The Drama of Respect
Craving respect may be culturally determined or arise from an ego that feels so little that respect is sought to inflate it. For some people, being respected is more important than having money or power, although using money and power is often a way they try to create respect. Losing face for these people is the biggest humiliation. Everyone wants respect, but when it becomes an addiction, it will work against us, our relationships, and our ability to create a caring community.
The Godfather (1972), with Marlon Brando as the aging head of a mafia family, illustrates the powerful influence that needing respect can have over an individual and the people who must give respect or pay a price. In this Long Island mafia family, respect has one of the highest values, perhaps only rivaled by loyalty and power. Respect is a cultural mark that positions people in the hierarchy of the family. Brando, as the imposing patriarch, demands respect and receives it without question. Giving respect is never questioned because, along with loyalty and power, it helps to maintain the family's ability to deal effectively with rival families and the police. If you like the Don and demand respect, "In Need of Honor" is for you.
In a moment, you will use your imagination to get a clearer picture of your inner movie about requiring respect from others. The point of understanding this pattern of thoughts, feelings, and effects is to deepen your awareness of its dynamics and impact, so you can make conscious choices and create a new movie to live within.
Recall a time when you were driven to get respect from others. Close your eyes and replay the experience in your imagination. Then, write a brief description of the drama below, carefully including the thoughts that supported the drama, the feelings that arose from those thoughts, and how those feelings affected what you said and did. (Enter your response in the following box or in your word processor window.)
What effects did this drama have on you and others?
Briefly describe what you get from demanding respect. What are the payoffs?
Briefly describe the price you pay for it. What parts of yourself and your life do you sacrifice when your demand for respect becomes too extreme?
Is what you are getting in payoffs worth the sacrifices you have to make?
Having become more aware of this movie, including what you get from it and what you sacrifice, what new choices in thinking and being are being revealed to you? Note them.
Create a new movie
Relying on those choices and your creativity, sketch out ideas for a different movie which incorporates new ways of thinking and being. As you create your new movie, be aware that you are of two minds because you have a dual nature. Your duality gives you the capacity to shift from one thought to its opposite in a search for balance. For example, there is a part of you that does not crave respect from others because you have a strong enough ego to respect yourself. How will cultivating that capacity alter how you live?
With your eyes closed, imagine living in your new movie.

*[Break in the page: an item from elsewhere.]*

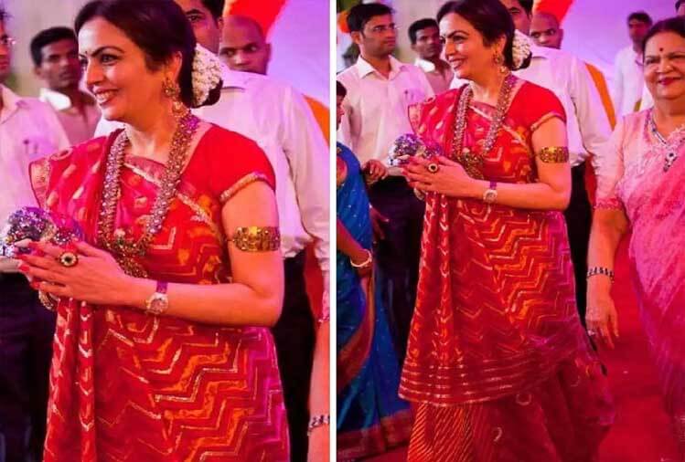 नीता अंबानी अपने फैशन के लिए भी जानी जाती हैं, उन्हें अक्सर एक नए रूप में देखा जाता है, लेकिन वह किसी भी पूजा के दौरान केवल लाल रंग में दिखाई देती हैं।

People who require respect may create a hierarchy of power, but never a real sense of community. They may receive a lot of respect from others because they demand it, but the pressure they apply to get it is likely to produce hidden resentment among those who must obey. Eventually, that resentment may work its way to the surface in subtle and blatant forms of criticism and gossip. While we all need respect from others, there is also an opposing side to us that can live without it. It is the self-respecting part of us that, feeling good about us, it is less driven to need admiration from others. Being of two minds about this issue gives us the capacity to balance wanting respect from others and respecting ourselves, so we are not driven to an extreme.